Writing and reading GraphML
Botch is a collection of several utilities which are connected together in a shell script. The advantage of this is, that one does not need to understand or hack the OCaml code to use botch for different purposes. In theory it also allows to insert 3rd party tools into a pipe to further modify the data. Until recently this ability was seriously hampered by the fact that many botch tools communicated with each other through marshaled OCaml binary files which prevent everything which is not written in OCaml from modifying them. The data that was passed around like this were the dependency graphs and I initially implemented it like that because I didnt want to write a GraphML parser.
I now ended up writing an xmlm based GraphML parser so as of now, botch
only reads and writes ASCII text files in XML (for the graphs) and in rfc822
packages format (for Packages and Sources files) which can both easily be
modified by 3rd party tools. The ./tools
directory contains many Python
scripts using the networkx module to modify GraphML and the apt_pkg module to
modify rfc822 files.
Splitting of tools
To further increase the ability to modify program execution without having to know OCaml, I split up some big tools into multiple smaller ones. Some of the smaller tools are now even written in Python which is probably much more hackable for the general crowd. I converted those tools to Python which did not need any dose3 functionality and which were simple enough so that writing them didnt take much time. I could convert more tools but that might introduce bugs and takes time which I currently dont have much of (who does?).
Gzip instead of bz2
Since around January 14, snapshot.debian.org doesnt offer bzip2 compressed Packages and Sources files anymore but uses xz instead. This is awesome for must purposes but unfortunately I had to discover that there exist no OCaml bindings for libxz. Thus, botch is now using gzip instead of bz2 until either myself or anybody else finds some time to write a libxz OCaml binding.
Self hosting Fedora
Paul Wise made me aware of Harald Hoyer's attempts to bootstrap Fedora. I reproduced his steps for the Debian dependency graph and it turns out that they are a little bit bigger. I'm exchanging emails with Harald Hoyer because it might not be too hard to use botch for rpm based distributions as well because dose3 supports rpm.
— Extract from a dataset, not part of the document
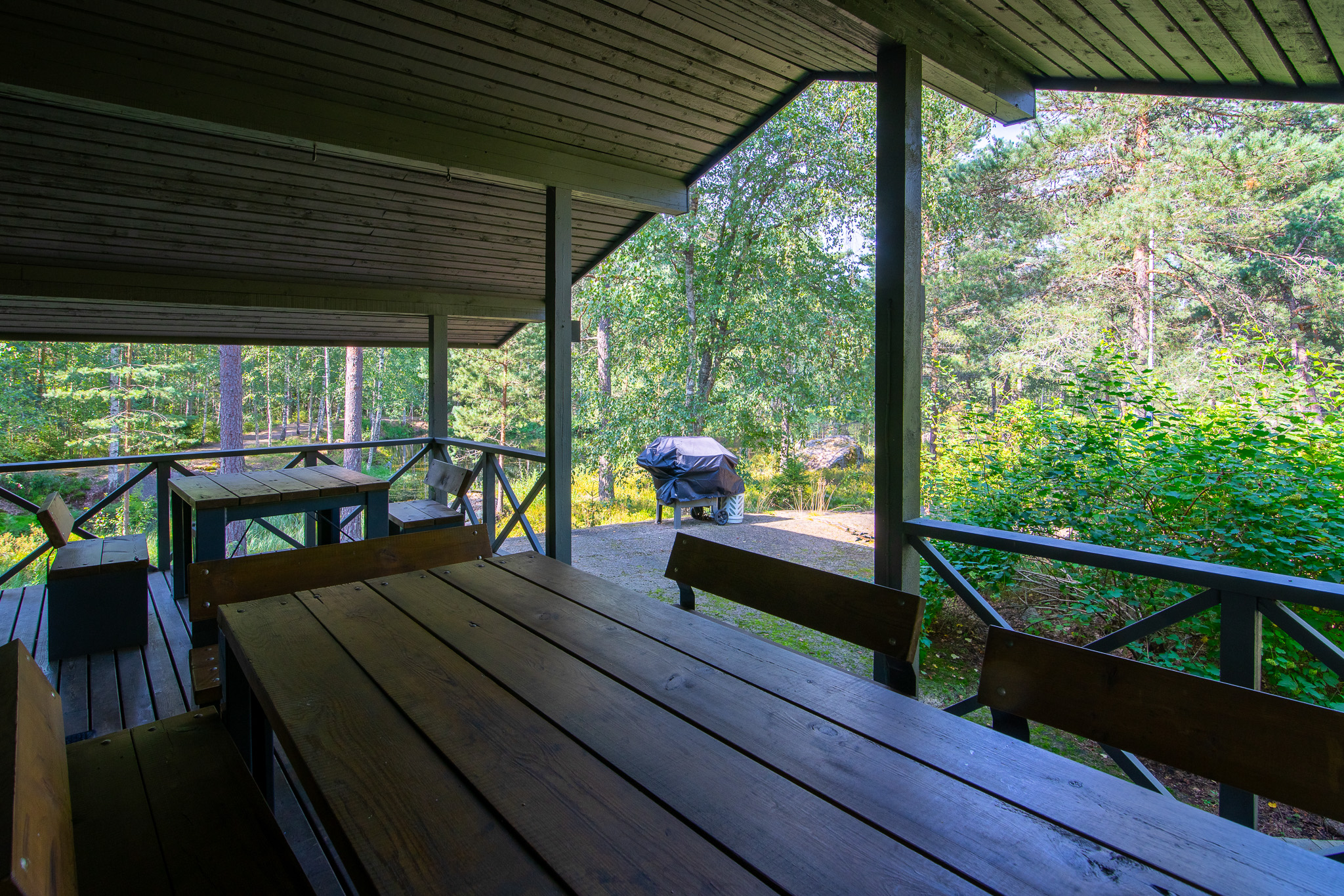 Kaasugrilli päärakennuksen terassilla, savustuslaatikko, halkogrillejä kaksi ( yksi vierasmökin edustalla ja toinen päärakennuksen läheisyydessä), tikkataulu, kylpytynnyri 4-6 hengelle, intiaaniteltta tiipi, polttopuut puuvajassa. Alueen eteläreunalla on tiipii teltta! Soutuvene lammella soutamiseen. Mökillä oleva lampi on pehmeäpohjainen metsälampi jossa voi uida. Lammessa ei kalaa 🙂

The article also made me aware of the tred
tool which is part of graphviz and
allows to calculate the transitive reduction of a graph. This can help
making horrible situations much better.
Dose3 bugs
I planned to generate such simplified graphs for the neighborhood of each source package on bootstrap.debian.net but then binutils stopped building binutils-gold and instead provided binutils-gold while libc6-dev breaks binutils-gold (<< 2.20.1-11). This unfortunately triggered a dose3 bug and thus bootstrap.debian.net will not generate any new results until this is fixed in dose3.
Another dose3 bug affects packages which Conflicts/Replaces/Provides:bar while bar is fully virtual and are Multi-Arch:same. Binaries of different architecture with this property can currently not be co-installed with dose3. Unfortunately linux-libc-dev has this property and thus botch cannot be used to analyze cross builds until that bug is fixed in dose3.
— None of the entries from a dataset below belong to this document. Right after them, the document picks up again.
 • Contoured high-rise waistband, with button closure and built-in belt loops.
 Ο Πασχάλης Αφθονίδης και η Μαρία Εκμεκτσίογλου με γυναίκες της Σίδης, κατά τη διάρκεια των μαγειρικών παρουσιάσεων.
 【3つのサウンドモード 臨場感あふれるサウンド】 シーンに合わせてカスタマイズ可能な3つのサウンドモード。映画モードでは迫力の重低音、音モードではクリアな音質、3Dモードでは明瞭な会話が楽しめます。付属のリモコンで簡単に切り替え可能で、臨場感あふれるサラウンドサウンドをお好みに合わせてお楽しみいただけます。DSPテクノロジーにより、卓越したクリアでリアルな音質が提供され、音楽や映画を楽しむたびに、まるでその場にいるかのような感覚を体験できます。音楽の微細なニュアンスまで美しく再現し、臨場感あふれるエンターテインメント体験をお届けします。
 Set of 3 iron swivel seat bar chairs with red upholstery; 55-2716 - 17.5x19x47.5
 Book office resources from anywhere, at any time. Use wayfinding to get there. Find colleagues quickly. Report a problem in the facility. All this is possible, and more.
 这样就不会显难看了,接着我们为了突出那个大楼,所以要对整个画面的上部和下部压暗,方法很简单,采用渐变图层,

I hope I get some free time soon to be able to look at these dose3 issues myself.
More documentation
Since I started to like the current set of tools and how they work together I ended up writing over 2600 words of documentation in the past few days.
You can start setting up and running botch by reading the first steps and get more detailed information by reading about the 28 tools that botch makes use of as of now.
All existing articles, thesis and talks are linked from the wiki home.